On Wednesday, 13 January 2021 at 13:47:55 UTC, Roguish wrote:
On Wednesday, 13 January 2021 at 13:30:48 UTC, Roguish wrote:
Anything else I need to know when debugging on Linux, without an IDE?

One specific question I have is: what's the difference between -g and -debug and -d-debug?

Also, what does it mean to "always emit a stackframe" (compiler option -gs) ?

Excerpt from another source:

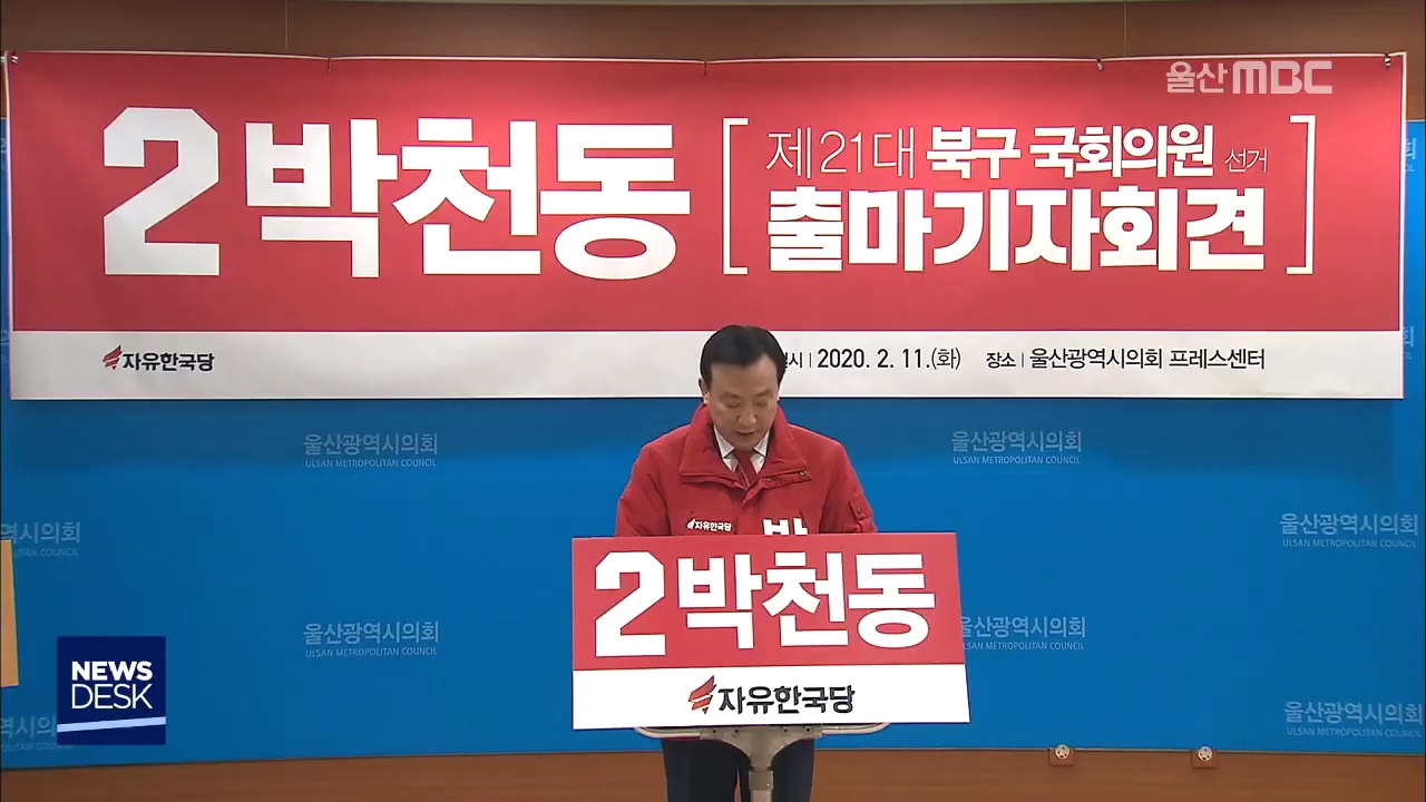 박천동 전 북구청장은 오늘(2/11)울산시의회 프레스센터에서 기자회견을 열고4.15 총선에 자유한국당 소속으로 북구 출마를선언했습니다.박 전 청장은 경제학 지식과 행정 경험을 살려북구의 정주여건을 높이고,울산의 재도약을 위해 일하는 국회의원이되겠다고 포부를 밝혔습니다.//

-g     : generate dwarf info, the debug info, the most important
-debug : compiles the debug statements, e.g debug logging. not so important, this
         is a conditional compilation feature.
-gs : always emit a prelude/prologue. but dmd pretty much always do that even
         when not required (sigh).

You really mostly only requires -g. Then you have to learn gdb.
A few basis to get started, a session for a segfault is often like

  $ gdb ./myapp
  $ run

and when it crashes, note the source position, additionally

  $ bt
  $ p somevar
  $ p some.more.complex.expression

may already give interesting infos. If not, during a second session you will rather put breakpoints to see what happens before the access violation and step from that breakpoint to the code that accesses unowned memory.

  $ gdb ./myapp
  $ break <somefile>.d <linenum>
  $ run

and then step by step, each time it pauses you inspect the interesting stuff. Note that I may be wrong on the syntax of the commands as I always use an IDE GUI.